◆ **What is expected**
Give back the lines below exactly, but do not include any pictures.

◆ **Dataset extract**
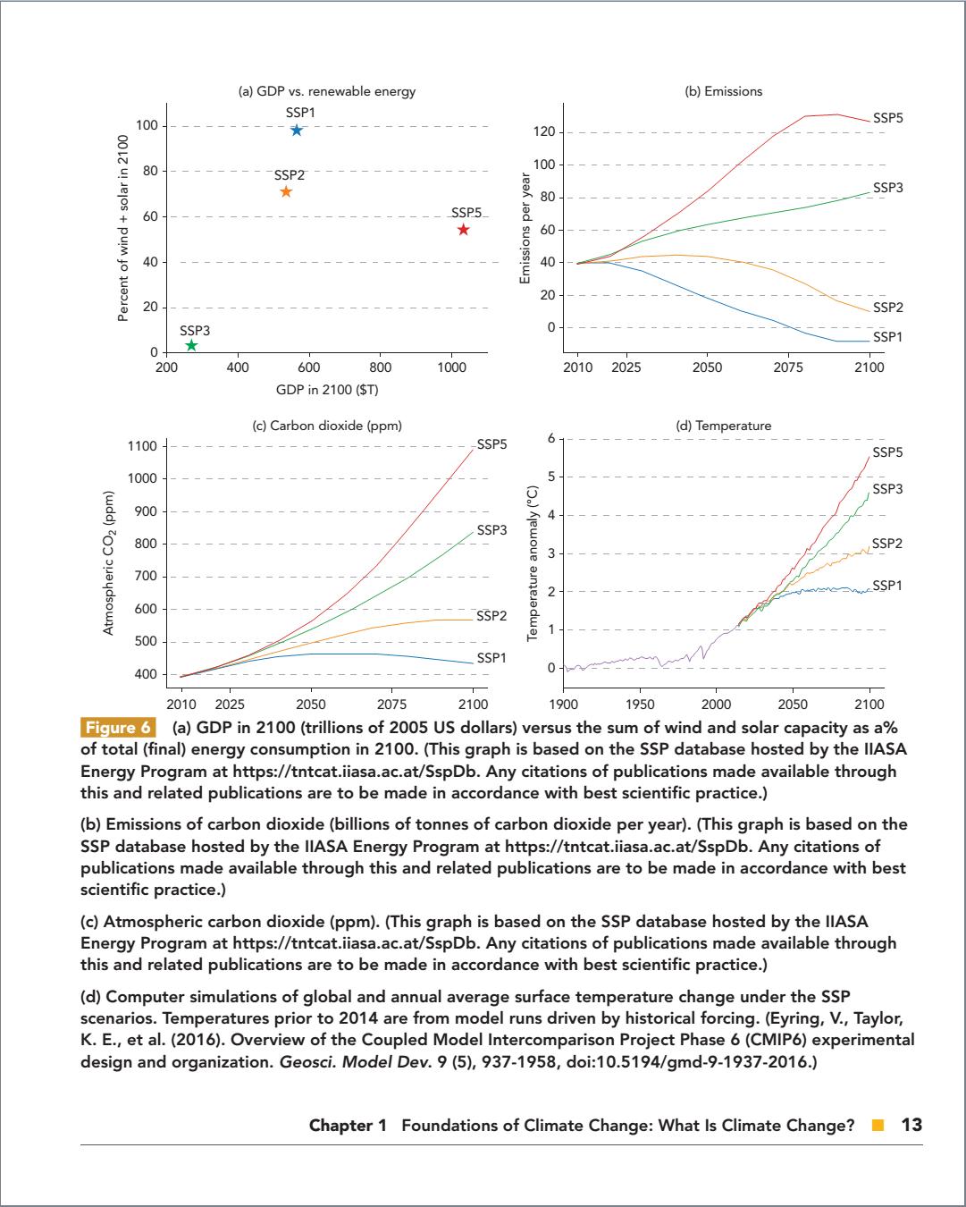 Figure 6c shows that, while the warming of the next few decades is largely already determined by past investments in fossil-fuel infrastructure and inertia in the climate system, we control the amount of warming experienced during the second half of the twenty-first century, and there is nearly a 4°C difference in temperature between the lowest (SSP1) and highest scenario (SSP5). Because many people alive today might live well into the second half of the century, this has relevance for many people who are alive today, and all future generations.
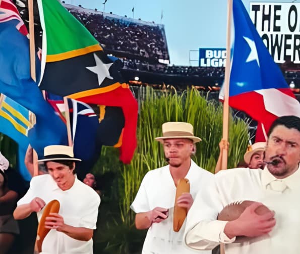 St. Kitts and Nevis’ flag takes center stage during Bad Bunny’s Super Bowl halftime show, celebrating Caribbean and Latin American culture.
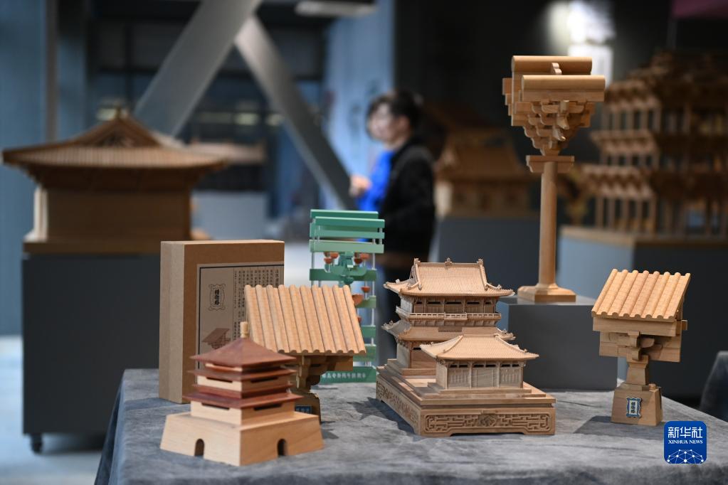11月4日,觀眾在大運河1986文創園的中國榫卯技藝體驗空間參觀古建筑積木。
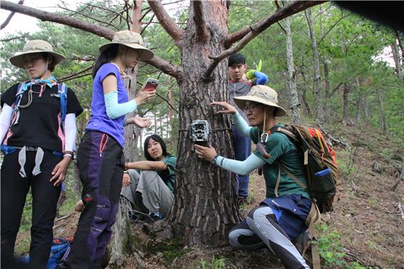 무인센서카메라를 설치하고 있는 야생동물탐사단
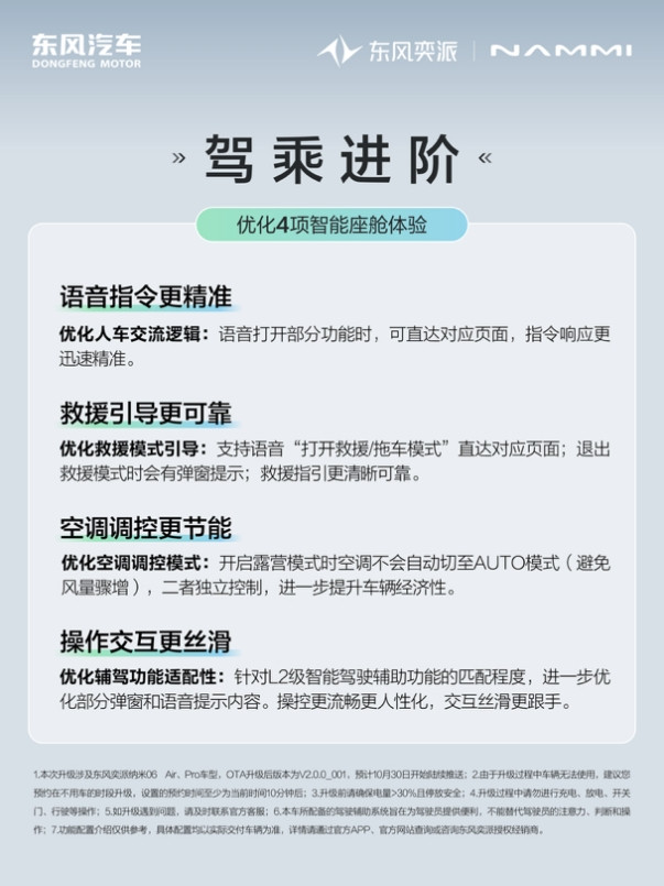 10月30日,东风奕派旗下“国民智趣纯电SUV”——纳米06正式迎来首次OTA升级。作为央企“国家队”,东风奕派用心做好十万级辅助驾驶,本次升级紧密围绕用户日常用车场景,实现全系标配9项L2级智能辅助驾驶功能,深度优化4项智能座舱体验,全面推动纳米06在智能、安全与便捷性方面的高能进阶,为用户打造更成熟、更可靠、更轻松的智能出行新体验。
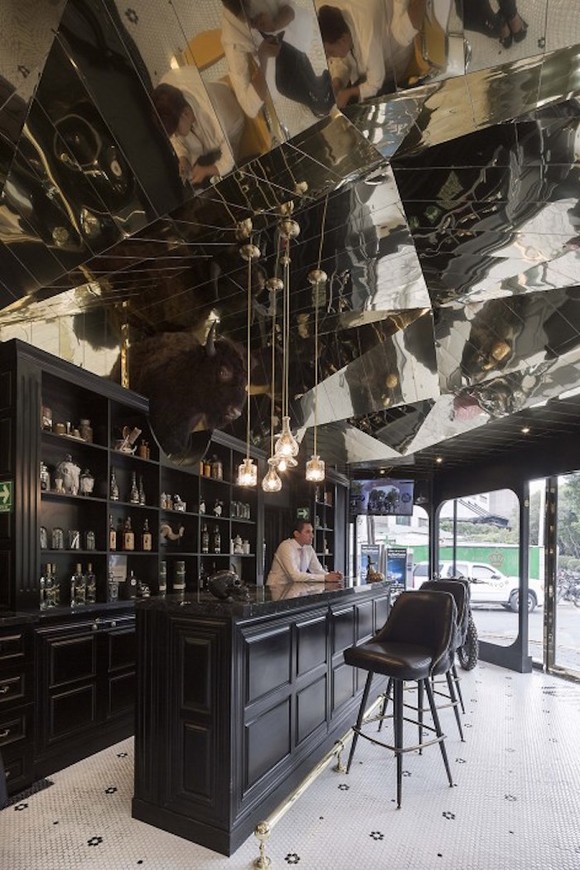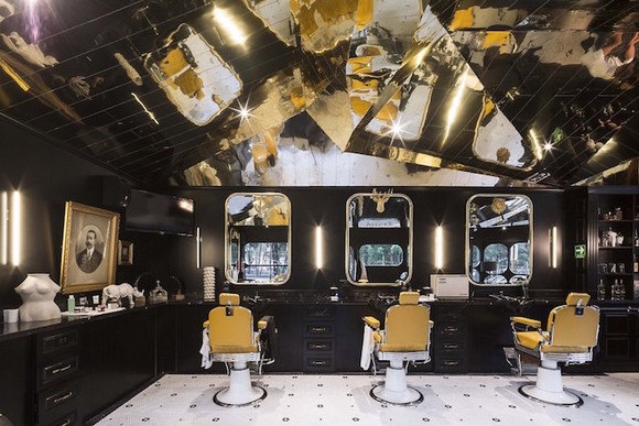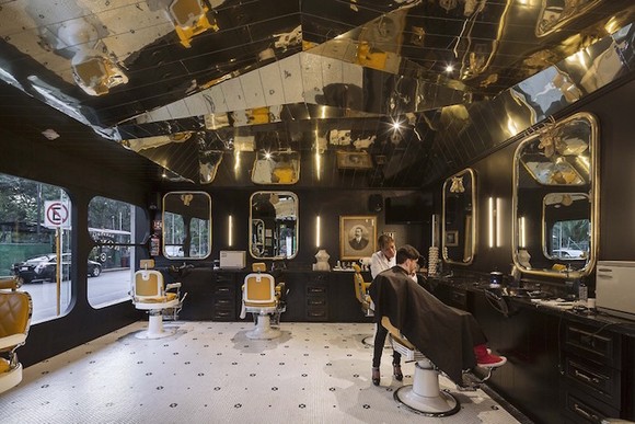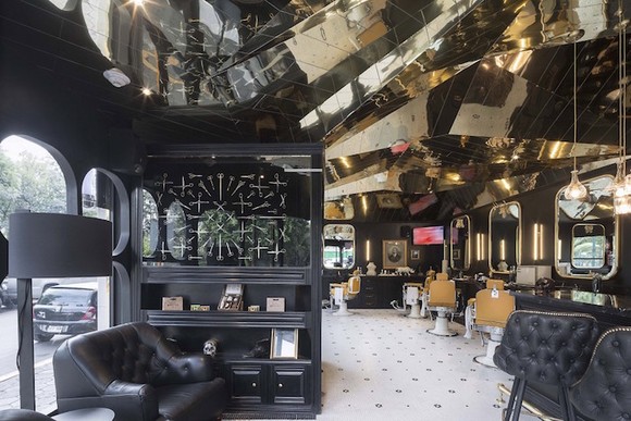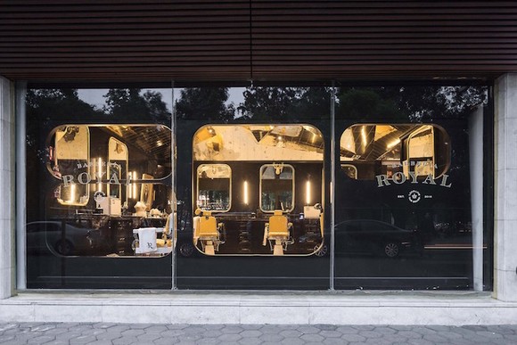 在墨西哥首都墨西哥城的市中心,有一家叫作Baebaria Royal的理发店。它一侧挨着当地以历史悠久闻名的Reforma大街,街对面则是热门景点Chapultepec公园,周围还围着一圈高档酒店。在这样的环境下,这家被墨色玻璃框住、不论白天还是晚上都能由镜子折射出暖黄色灯光的临街店铺依旧惹人注目。

◆ **Task response**
 Figure 6c shows that, while the warming of the next few decades is largely already determined by past investments in fossil-fuel infrastructure and inertia in the climate system, we control the amount of warming experienced during the second half of the twenty-first century, and there is nearly a 4°C difference in temperature between the lowest (SSP1) and highest scenario (SSP5). Because many people alive today might live well into the second half of the century, this has relevance for many people who are alive today, and all future generations.
 St. Kitts and Nevis’ flag takes center stage during Bad Bunny’s Super Bowl halftime show, celebrating Caribbean and Latin American culture.
11月4日,觀眾在大運河1986文創園的中國榫卯技藝體驗空間參觀古建筑積木。
 무인센서카메라를 설치하고 있는 야생동물탐사단
 10月30日,东风奕派旗下“国民智趣纯电SUV”——纳米06正式迎来首次OTA升级。作为央企“国家队”,东风奕派用心做好十万级辅助驾驶,本次升级紧密围绕用户日常用车场景,实现全系标配9项L2级智能辅助驾驶功能,深度优化4项智能座舱体验,全面推动纳米06在智能、安全与便捷性方面的高能进阶,为用户打造更成熟、更可靠、更轻松的智能出行新体验。
 在墨西哥首都墨西哥城的市中心,有一家叫作Baebaria Royal的理发店。它一侧挨着当地以历史悠久闻名的Reforma大街,街对面则是热门景点Chapultepec公园,周围还围着一圈高档酒店。在这样的环境下,这家被墨色玻璃框住、不论白天还是晚上都能由镜子折射出暖黄色灯光的临街店铺依旧惹人注目。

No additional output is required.